Notes from European Documentation Training: Brussels June 2015
European Documentation Centres were set up to allow the citizens of the EU to participate in a debate about the EU. Their mission was to promote teaching and research of the EU and to make information on all aspects of the EU – from the economy to the environment to health – available to the wider public. Their role was not so much to provide information as to facilitate communication and their establishment was seen as good policy rather than an obligatory function of the European Union.
However, even as far back as 1985 it was calculated that an EDC cost the EU between €10k and €12k a year. In recent years, faced with every decreasing and restrained budgets, the EU has distributed more communications online and less via the medium of print, leaving EDCs with closed or very slow growing collections and a falling number of users.
The delegates at the EU documentation training event were asked to advise the newly-formed pan-European working group on the future of EDCs on ways to take the EDC forward. Over the course of 2 hours of discussions the following points were raised:
EDCs have to face the digital reality. Lots of their documentation is online, fewer and fewer print documents of significance are being sent out by the EU. Users are by-passing EDCs and going straight to Google to find EU documentation.

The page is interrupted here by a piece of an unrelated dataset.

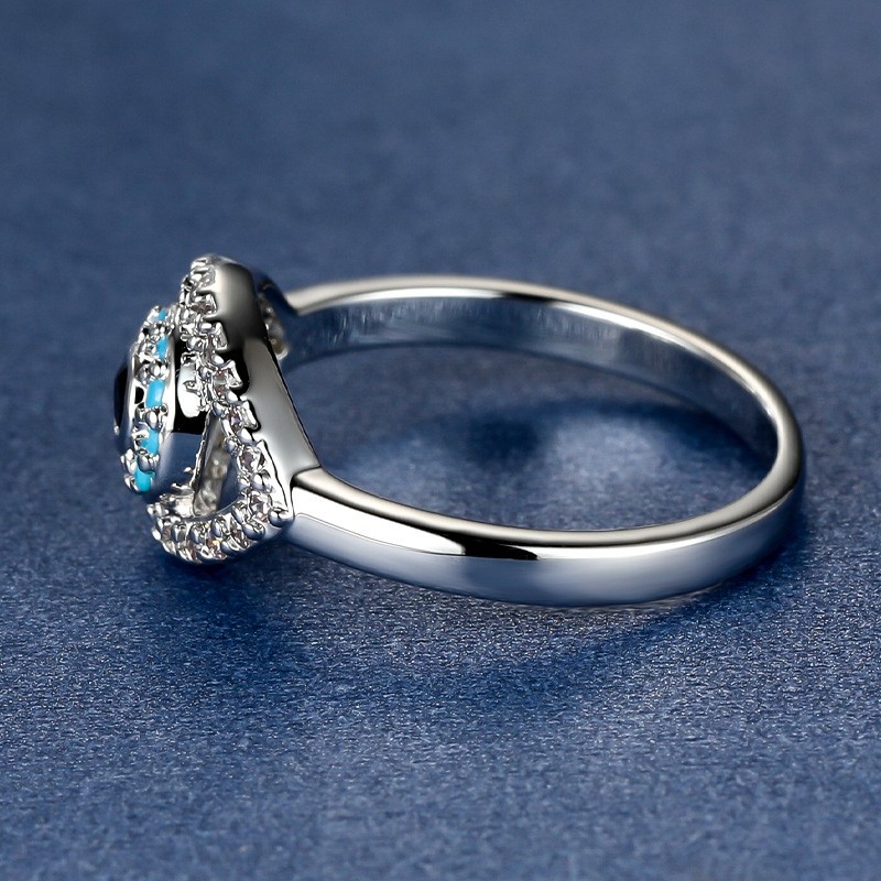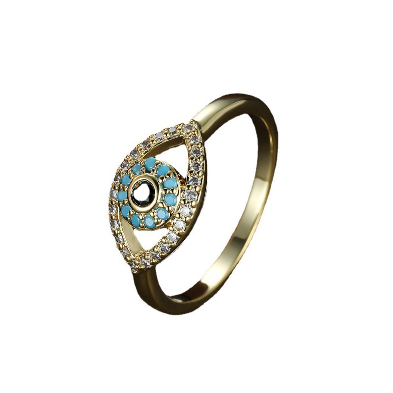 新款跨境恶魔之眼蓝色眼睛镶嵌戒指时尚女款简约镶钻指环手饰现货

However, EU documentation is available from a myriad of sources. Refined and sophisticated searches are possible on these platforms though usability is not necessarily intuitive. EDCs will still have a role then in the future but the emphasis will be more on training users in online discovery. Delegates at the training event were unanimous in calling for EDCs to remain a discreet, physical space where people can seek out support in information retrieval and some still saw a role for print documents in that physical space; others envisaged a more world café type set-up with computers available for online access to information. It has to be stressed though that some historic documents are still not online – digitisation of COM Docs, for example, has only reached the 80s so print is still essential in some cases.
All agreed EDCs need to work on promotion to increase visibility and attract users back to use our services. There was also a widely-supported call for EDCs around Europe to work more collaboratively to create a network in which to share best practice and to make open-source training materials for end users.